А если и помним, то все ли делаем – постоянно! – для того, чтобы она не началась?

Сам Гей – тому я свидетель – помнил постоянно и о том, что ядерная война может возникнуть в любой момент, и о том, что бить в колокол Джона Дона тоже следует постоянно. И не только помнил, но и бил – его брошюра "Homo prekatastrofilis" и была таким колоколом. Кстати заметить, вся семья Гея была причастна к созданию этой брошюры. Гошка делал оформление, Алина Притчу о Зверях написала, которую Гей хотел дать в сцене восхождения к истине, как один из материалов для Красной Папки – к докладу вождю человечества, а Юрик музыку писал к брошюре, этюд No 2, соль минор, "Вечер жизни". Такие дела.

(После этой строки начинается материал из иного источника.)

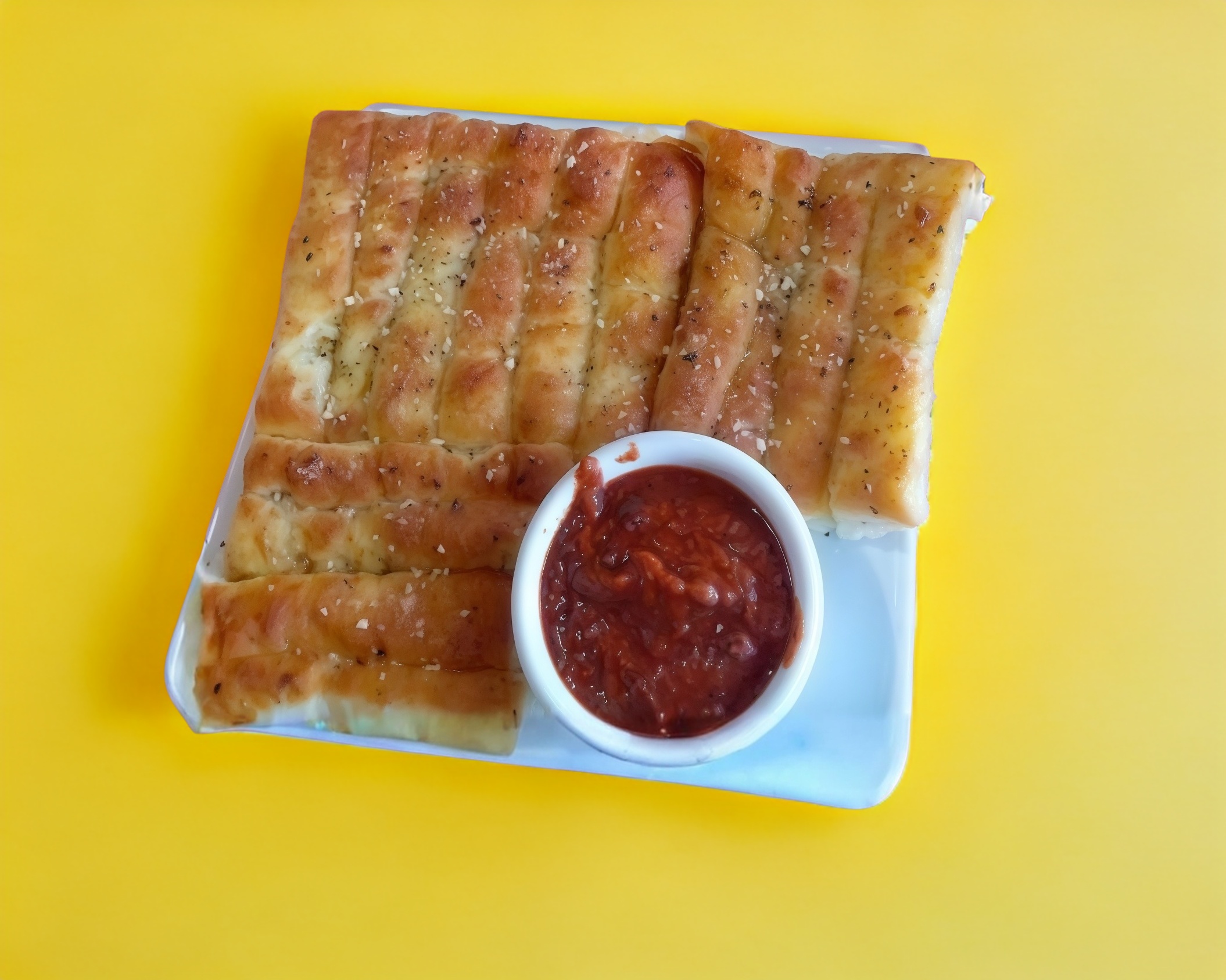 Salsa de tomate hecha en casa. Incluye una orden de pan de ajo.

Гей надеялся, что однажды эту семейную книгу прочтет президент Рейган, а потом и другие президенты ее прочтут, генералы и адмиралы, солдаты всех армий прочтут и весь народ Земли, и все ужаснутся тому очевидному, что как бы не замечали в своей жизни – мир находится на волоске от гибели, всем одуматься надо, пока судьба человечества не оказалась в руках КОМПЬЮТЕРА. И если все, все одумаются, то наступит День Всеобщего Разоружения, День Всеобщего Мира. И Гею даже медали за это не надо. Он признался мне смущенно, что высшей наградой для него было бы учреждение Организацией Объединенных Наций постоянного конкурса самых юных исполнителей, и чтобы дети всех стран ездили по всему миру с концертами – как Чрезвычайные Полномочные и Постоянные представители той или иной страны, и Юрик сыграл бы на фортепьяно если уж не свое сочинение, этюд No 1, соль мажор, "Утро жизни", то божественную сонату Джакома Грациоли, в которой, как считал Гей, таилось то, что не так уж часто выпадало в жизни, ощущение радости бытия.

ЛЕНИНСКИМ КУРСОМ МИРА

Советский Союз, другие братские социалистические страны неустанно борются за мир и международную безопасность. Социализму для своего развития, для все более широкого удовлетворения новых и разнообразных потребностей народа нужны мирные условия.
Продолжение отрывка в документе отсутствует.